-- PROVIDED INFORMATION follows --

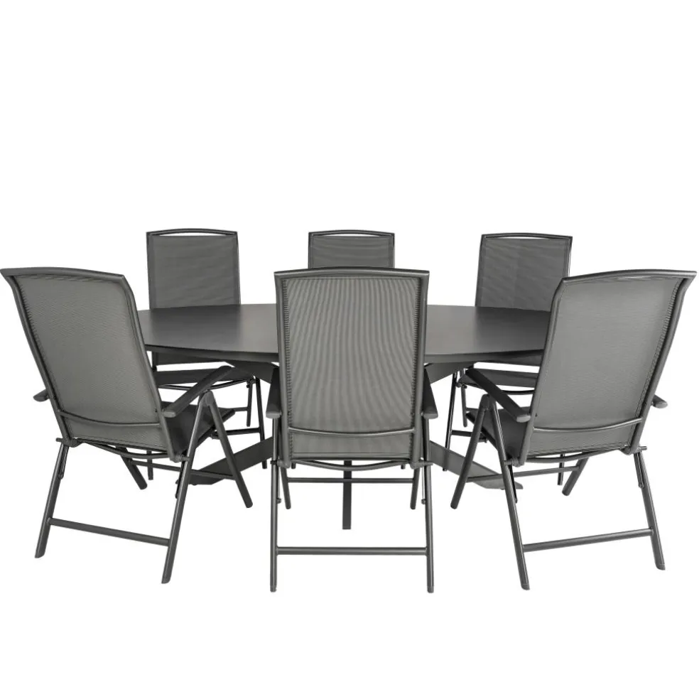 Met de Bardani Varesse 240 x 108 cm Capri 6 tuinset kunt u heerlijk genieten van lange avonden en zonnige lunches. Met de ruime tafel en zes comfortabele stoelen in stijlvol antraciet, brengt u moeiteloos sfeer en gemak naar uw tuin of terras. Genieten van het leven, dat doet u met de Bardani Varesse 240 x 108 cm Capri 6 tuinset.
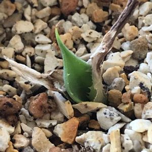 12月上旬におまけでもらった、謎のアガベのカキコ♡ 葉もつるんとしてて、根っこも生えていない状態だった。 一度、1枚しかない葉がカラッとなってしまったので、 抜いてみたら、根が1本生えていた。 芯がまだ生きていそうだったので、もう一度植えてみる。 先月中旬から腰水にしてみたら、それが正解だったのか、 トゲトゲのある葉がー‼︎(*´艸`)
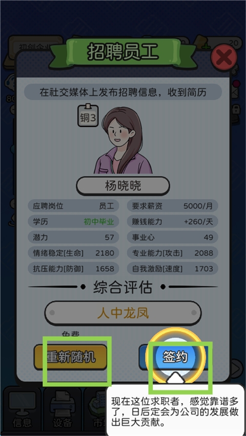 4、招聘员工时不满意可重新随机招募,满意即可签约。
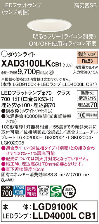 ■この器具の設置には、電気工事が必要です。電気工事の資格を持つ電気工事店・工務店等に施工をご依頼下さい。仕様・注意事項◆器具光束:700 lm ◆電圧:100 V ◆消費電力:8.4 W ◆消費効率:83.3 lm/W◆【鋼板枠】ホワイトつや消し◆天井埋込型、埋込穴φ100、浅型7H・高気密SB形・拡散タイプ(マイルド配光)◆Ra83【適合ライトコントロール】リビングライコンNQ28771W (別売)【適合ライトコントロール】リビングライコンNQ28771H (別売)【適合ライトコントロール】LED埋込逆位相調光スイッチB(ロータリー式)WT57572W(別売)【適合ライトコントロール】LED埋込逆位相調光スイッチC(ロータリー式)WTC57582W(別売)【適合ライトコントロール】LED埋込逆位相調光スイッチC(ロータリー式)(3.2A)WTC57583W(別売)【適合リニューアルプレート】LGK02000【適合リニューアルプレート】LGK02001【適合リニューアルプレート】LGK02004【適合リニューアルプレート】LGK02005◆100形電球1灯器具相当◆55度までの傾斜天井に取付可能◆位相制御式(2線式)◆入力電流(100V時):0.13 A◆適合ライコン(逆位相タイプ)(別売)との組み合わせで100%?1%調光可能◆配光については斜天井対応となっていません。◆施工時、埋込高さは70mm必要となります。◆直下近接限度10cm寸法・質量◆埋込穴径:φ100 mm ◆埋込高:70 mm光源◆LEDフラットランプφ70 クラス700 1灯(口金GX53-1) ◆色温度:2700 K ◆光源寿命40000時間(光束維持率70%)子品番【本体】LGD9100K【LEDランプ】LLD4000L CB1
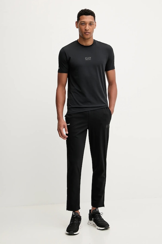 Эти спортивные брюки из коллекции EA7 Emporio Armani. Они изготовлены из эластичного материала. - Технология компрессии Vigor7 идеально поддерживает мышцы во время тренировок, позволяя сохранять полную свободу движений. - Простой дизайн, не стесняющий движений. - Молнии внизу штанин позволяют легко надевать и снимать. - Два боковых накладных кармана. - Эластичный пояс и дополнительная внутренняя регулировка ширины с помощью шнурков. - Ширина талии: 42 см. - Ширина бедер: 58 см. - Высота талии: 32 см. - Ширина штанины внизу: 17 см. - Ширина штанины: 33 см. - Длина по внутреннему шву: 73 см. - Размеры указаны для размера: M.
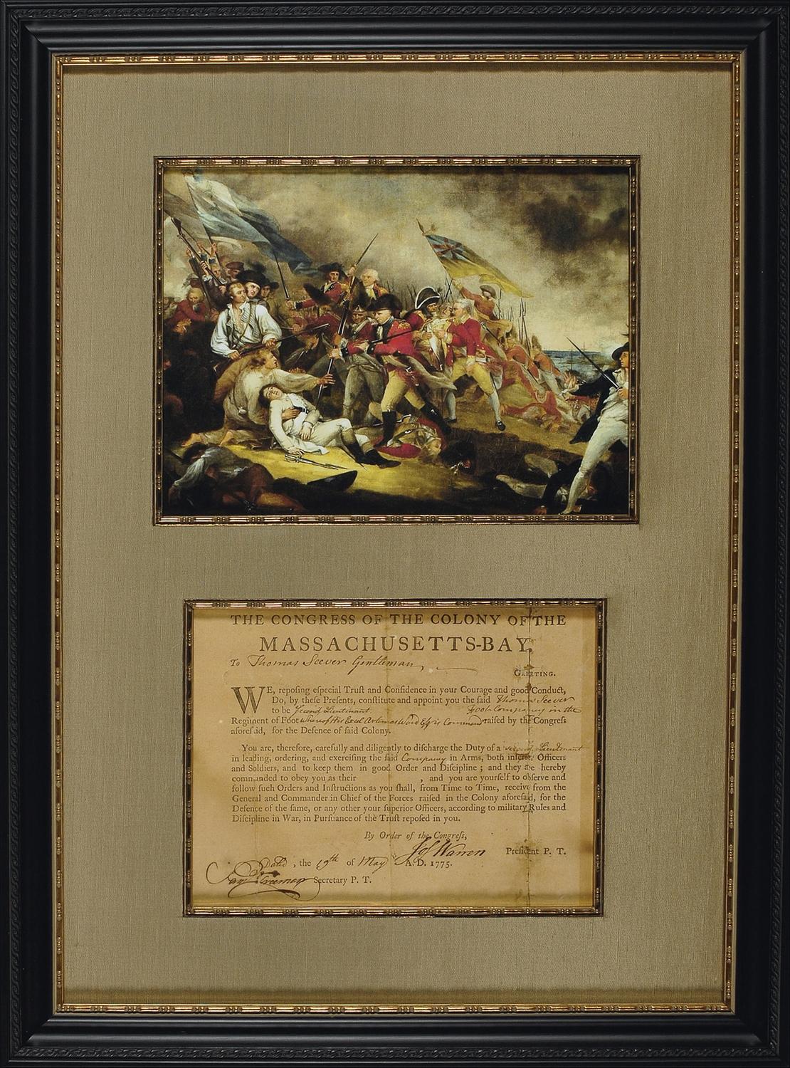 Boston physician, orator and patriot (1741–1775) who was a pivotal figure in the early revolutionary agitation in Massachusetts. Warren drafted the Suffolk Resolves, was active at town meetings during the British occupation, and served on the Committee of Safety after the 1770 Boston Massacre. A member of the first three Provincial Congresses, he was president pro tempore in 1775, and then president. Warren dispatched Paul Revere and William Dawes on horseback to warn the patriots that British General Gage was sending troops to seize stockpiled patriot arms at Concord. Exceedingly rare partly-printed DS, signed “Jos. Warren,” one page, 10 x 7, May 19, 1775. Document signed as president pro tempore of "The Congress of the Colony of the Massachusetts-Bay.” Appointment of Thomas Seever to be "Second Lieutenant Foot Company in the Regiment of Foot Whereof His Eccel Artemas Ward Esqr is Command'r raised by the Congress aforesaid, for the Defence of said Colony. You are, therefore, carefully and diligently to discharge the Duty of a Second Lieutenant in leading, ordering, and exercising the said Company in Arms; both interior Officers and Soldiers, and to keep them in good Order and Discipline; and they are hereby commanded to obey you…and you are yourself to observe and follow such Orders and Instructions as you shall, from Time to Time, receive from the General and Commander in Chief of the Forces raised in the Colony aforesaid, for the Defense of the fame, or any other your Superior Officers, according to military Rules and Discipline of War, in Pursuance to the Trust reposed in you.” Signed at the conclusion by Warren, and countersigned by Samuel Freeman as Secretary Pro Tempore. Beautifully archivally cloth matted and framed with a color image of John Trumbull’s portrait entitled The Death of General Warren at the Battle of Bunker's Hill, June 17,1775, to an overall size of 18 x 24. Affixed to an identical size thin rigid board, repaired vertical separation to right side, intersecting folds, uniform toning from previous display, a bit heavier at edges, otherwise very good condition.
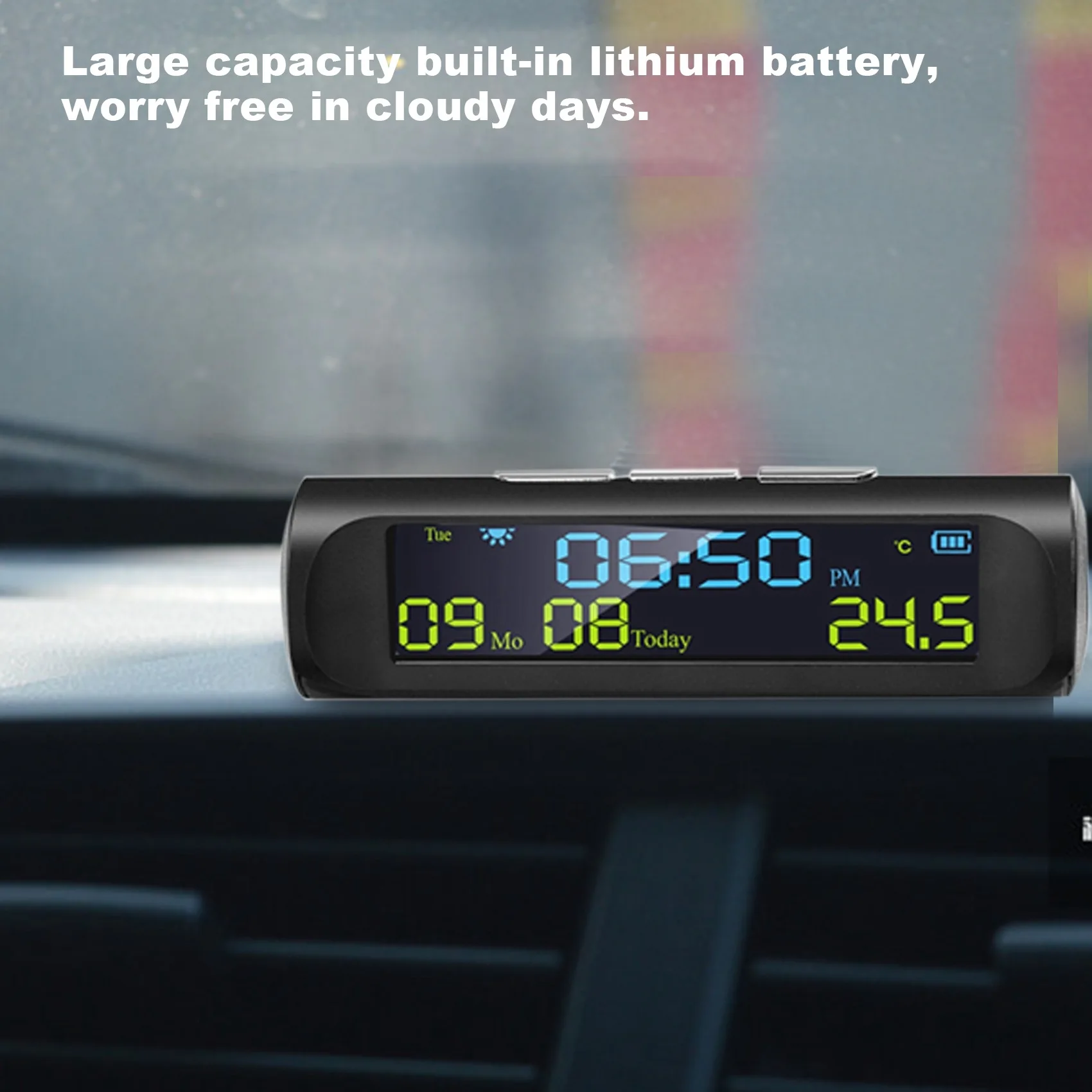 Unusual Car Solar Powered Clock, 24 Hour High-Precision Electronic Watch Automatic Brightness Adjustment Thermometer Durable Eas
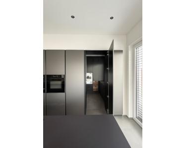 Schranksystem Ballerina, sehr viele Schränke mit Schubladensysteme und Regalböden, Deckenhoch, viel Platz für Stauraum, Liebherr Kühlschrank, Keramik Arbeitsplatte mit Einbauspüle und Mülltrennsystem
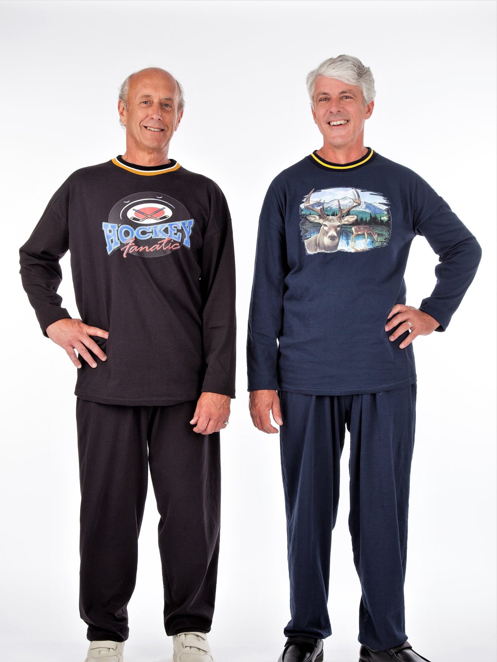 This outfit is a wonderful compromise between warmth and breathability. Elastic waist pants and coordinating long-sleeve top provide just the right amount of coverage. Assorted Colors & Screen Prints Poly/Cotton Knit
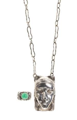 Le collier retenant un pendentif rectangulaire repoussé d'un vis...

-- PROVIDED INFORMATION concluded --

ABOUT THIS TASK
Output the line containing "Unusual Car Solar" along with every line after it to the end of the material, exactly as written, but without pictures.

RESULT
 Unusual Car Solar Powered Clock, 24 Hour High-Precision Electronic Watch Automatic Brightness Adjustment Thermometer Durable Eas
 Schranksystem Ballerina, sehr viele Schränke mit Schubladensysteme und Regalböden, Deckenhoch, viel Platz für Stauraum, Liebherr Kühlschrank, Keramik Arbeitsplatte mit Einbauspüle und Mülltrennsystem
 This outfit is a wonderful compromise between warmth and breathability. Elastic waist pants and coordinating long-sleeve top provide just the right amount of coverage. Assorted Colors & Screen Prints Poly/Cotton Knit
 Le collier retenant un pendentif rectangulaire repoussé d'un vis...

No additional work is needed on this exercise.